The majority then purports to apply the functional test to the facts of this case. The majority emphasizes that (i) a liquidation is an extraordinary, not a recurring transaction, and is thus not a sale in the regular course of trade or business; and (ii) the proceeds of the sale were distributed to the sole stockholder and were not reinvested in plaintiff’s business. The majority finds support for this analysis in footnote 6 in the Polaroid opinion, which suggested that liquidations are not within the purview of the functional test. Id. at 306, n.6, 507 S.E.2d at 296, n.6.

In my view the majority has misread the functional test as set forth in the statute and interpreted in Polaroid. The functional test focuses on whether the asset is found to be an integral part of the corporation’s regular business, not whether the transaction is found to be a part of the regular business. The critical question is whether the property or asset produced business income while it was owned by the taxpayer.

In Polaroid, this Court noted the administrative rule in effect since 1976 which provides

*670“(2) A gain or loss from the sale, exchange or other disposition of real or personal property constitutes business income if the property while owned by the taxpayer was used to produce business income.”

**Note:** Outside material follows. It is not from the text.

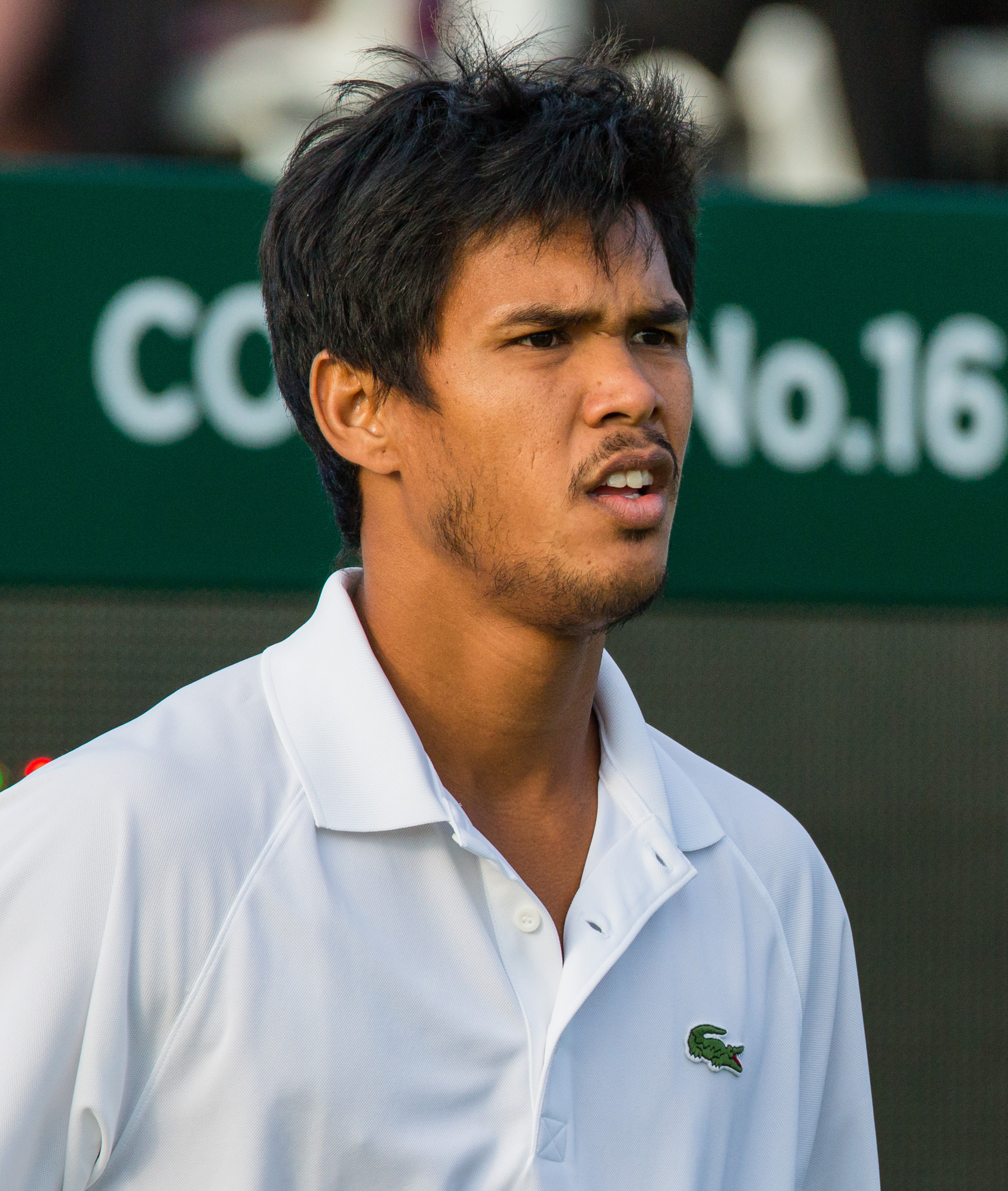 Somdev Devvarman competing in the first round of the 2015 Wimbledon Qualifying Tournament at the Bank of England Sports Grounds in Roehampton, England. The winners of three rounds of competition qualify for the main draw of Wimbledon the following week.

Id. at 302, 507 S.E.2d at 293 (quoting 17 NCAC 5C .0703(2) (June 1998)).

Further, in my view the footnote to Polaroid is obiter dictum and is not a basis for disavowing the language in Polaroid. Even if the footnote were pertinent, a partial liquidation of a business division is not a “true liquidation.” Moreover, in this case the sole shareholder to whom the proceeds were distributed was the parent corporation of plaintiff. Hence, the question remains as to whether the proceeds were used in furtherance of the unitary business.

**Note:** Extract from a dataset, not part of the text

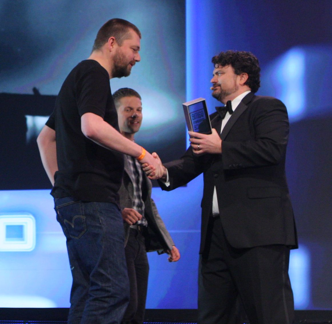 Hall D North Awards VIP Reception (BAEP)

Finally, the interpretation of our tax laws has widespread ramifications, and under the principle of stare decisis this Court should not lightly abandon or modify its interpretation of a tax statute. Both the Secretary of Revenue and the taxpayer are entitled to a measure of stability and constancy in the interpretation and application of our tax statutes.

Applying the functional test as set forth in Polaroid, I am of the opinion that ArtCarved as an asset of plaintiff was an integral part of plaintiffs regular trade or business, namely, manufacturing and selling various consumer goods, and that the sale of ArtCarved produced business income pursuant to N.C.G.S. § 105-130.4(a)(l).

For the foregoing reasons, I respectfully dissent and vote to reverse the opinion of the Court of Appeals.

Justice Martin joins in this dissenting opinion.